I’m really happy to be experimental with non-surgical procedures: if I truly want to know if something works I’m happy to give it a go, and not too vain to view it as a risk – you just don’t know if you’ll like the results of fillers or Botox until you’ve taken the plunge. I’ll cite the time that I had my top lip Botox’d and lost my ability to sip – very tricky for someone who loves a cup of tea as much as me – but I had to know if it would work (it didn’t)! Even for me though, I had something done yesterday that is far more radical than I’ve ever had before.
Basically Juvederm 4 (Hyaluronic acid) is the thickest of facial fillers, suitable for larger areas or deep wrinkling that need un-wrinkling. I always have Botox or fillers at the same place – The Courthouse Clinic in Wimpole Street – but don’t always have the same person. So, this time I met Dr Robin Stones, who is known for his skill and technique in facial contouring. So, what is contouring? It’s the procedure of adding filler into the face in more than one place to give an overall plumping and lifting effect where collagen has depleted to such a point that the face begins to hollow slightly. This can happen at any age after 40 or so, depending on how kind genetics has been to you. I’ve started to notice that my skin is less firm around my mouth and jaw and also my cheeks had begun to flatten a bit.

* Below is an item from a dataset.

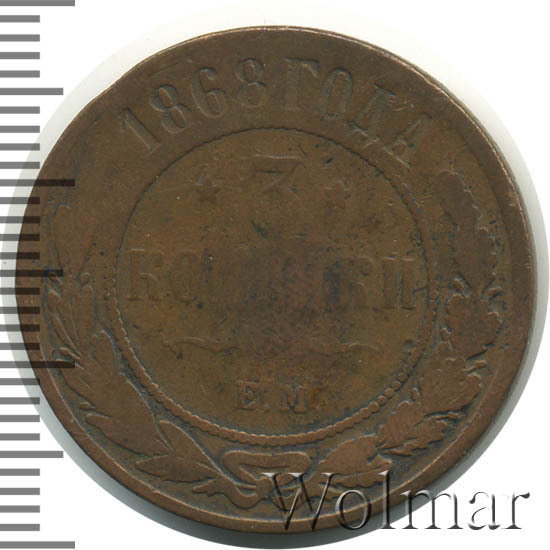 Цена на монету 3 копейки 1868 года ЕМ на сегодня, 7 марта 2026 года
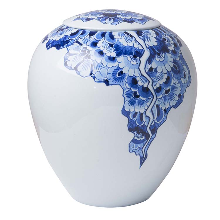 Große Weiße Bolle Vase Urne Delfter Blaumotiv (3,0 Liter)

It’s all a completely normal part of the ageing process, but on a personal level I didn’t like the way I’d started to look a bit ‘tired’ all the time.
Contouring is not pain-free…because Robin was dumping two syringes full of Juvederm into each cheek, it has to be done extremely slowly in order to get an even effect. It’s done in four or five places along the cheek bone and although there is a bit of pain killer in the filler formula, the intial dive with the needle is not nice. And, I would have to say I would never have this procedure done at a place I didn’t know or trust – there is just too much at stake if you – like me – want to keep everything looking natural and not ‘done’. So, the practioner needs a great degree of artistry and skill in order to put back facial contours that will look correct on your face and not like you’ve tucked a couple of hamsters into each cheek. Robin is absolutely meticulous – so patient, happy to admit he isn’t a multi-tasker (i.e. he doesn’t talk and fill at the same time!), and did a lot of stepping back, looking, tweaking and adding before he was happy that they are completely even. It’s really a very clever skill to have because unless you have good aesthetic taste, your patient can end up looking far too plumped and filled. It’s difficult to get something that is quite radical to just seamlessly merge into the face.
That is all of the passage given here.